18 October, 11.50-13.30, room 2.6 (Palazzo di Lingue)
Tzachi Zamir is an Israeli philosopher and literary critic specialising in the philosophy of literature , the philosophy of theatre and animal ethics.
Tzachi Zamir studied at the Hebrew University of Jerusalem and then Tel-Aviv University. He is Professor of English and General & Comparative Literature in the English Department at the Hebrew University of Jerusalem.

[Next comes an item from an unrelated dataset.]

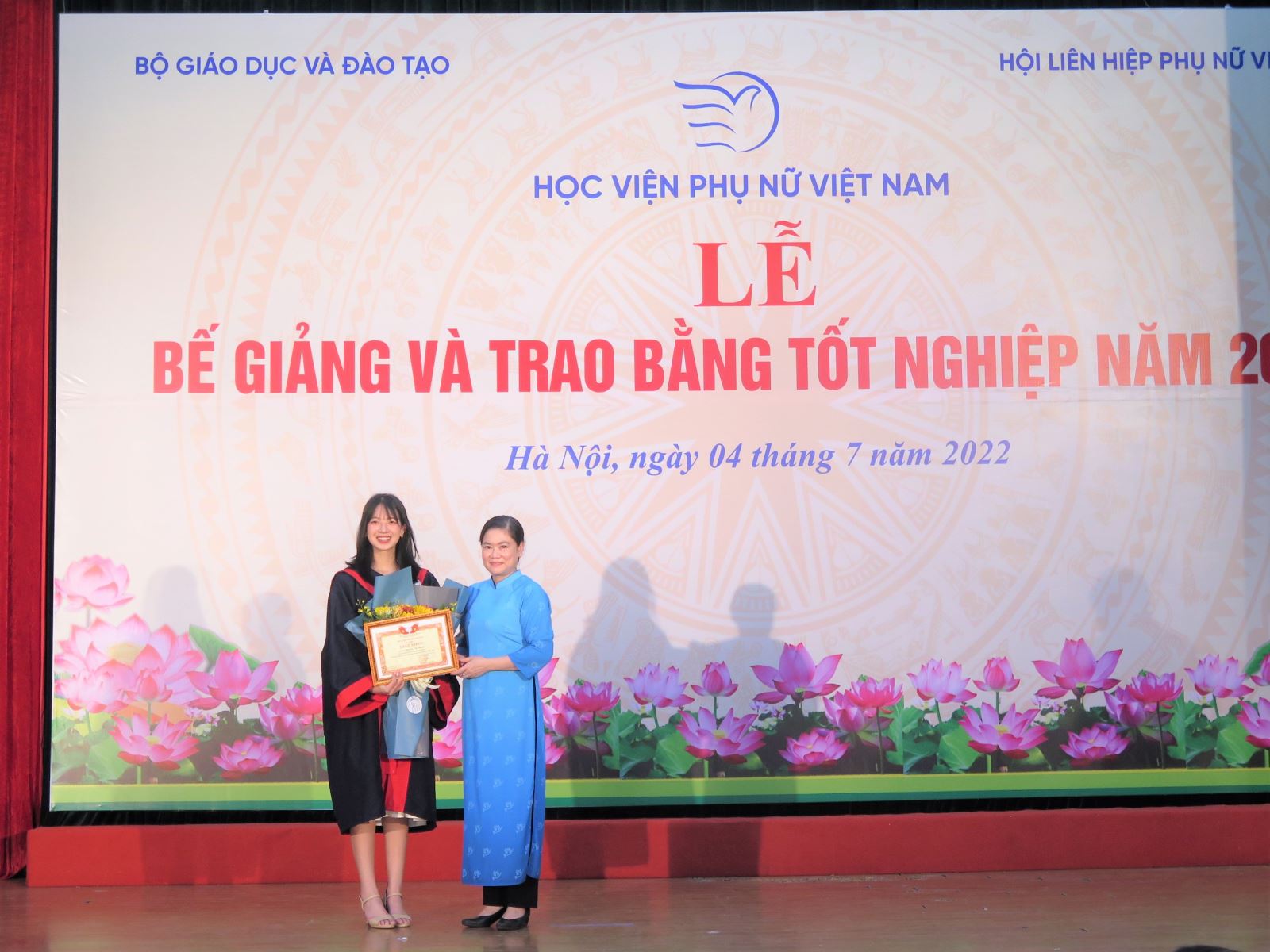 Phó Giám đốc Dương Kim Anh trao bằng tốt nghiệp cho cử nhân Giới và Phát triển

He is the author of the 2006 book Double Vision: Moral Philosophy and Shakespearean Drama and the 2007 book Ethics & the Beast: A Speciesist Argument for Animal Liberation, both published by Princeton university Press. His 2014 book Acts: Theater, Philosophy, and the Performing Self was published by the University of Michigan Press. In 2018, he published both the monograph Ascent: Philosophy and Paradise Lost and the edited collection Shakespeare’s Hamlet: Philosophical Reflections with Oxford University Press.

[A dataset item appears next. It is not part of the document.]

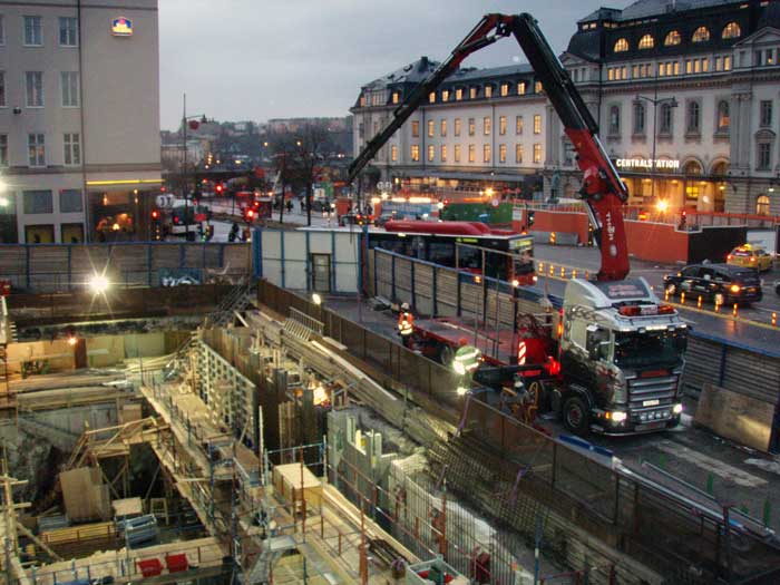 Vid bygget av den nya uppgången från järnvägstunneln som byggs vid Stockholm C

Friendship in Shakespeare – Abstract
Tzachi Zamir – The Hebrew University of Jerusalem
Friendship is a value that has been praised since antiquity. Cicero, Seneca and many others regarded friendship both as indicating a noble character, but also as ennobling: the exercise of the capacity to establish deep relations and commitments not due to blood-ties or political obligations. Yet, although contemporaries such as Montaigne were wholeheartedly endorsing the friendship tradition, the attitude of Shakespeare’s plays toward it is skeptical. Why? I will suggest that Shakespeare captured a tension built into the philosophy of friendship already in Aristotle and Plutarch: how friendship is at once other-regarding but also predicated upon some degree of self-love. The doubt expressed by Shakespeare’s plays is that once self-love is put under substantive pressure, friendship tends to give way. The point is not simply that selfishness is more powerful than friendship. It is, rather, that some forms of self-love block or displace love to others.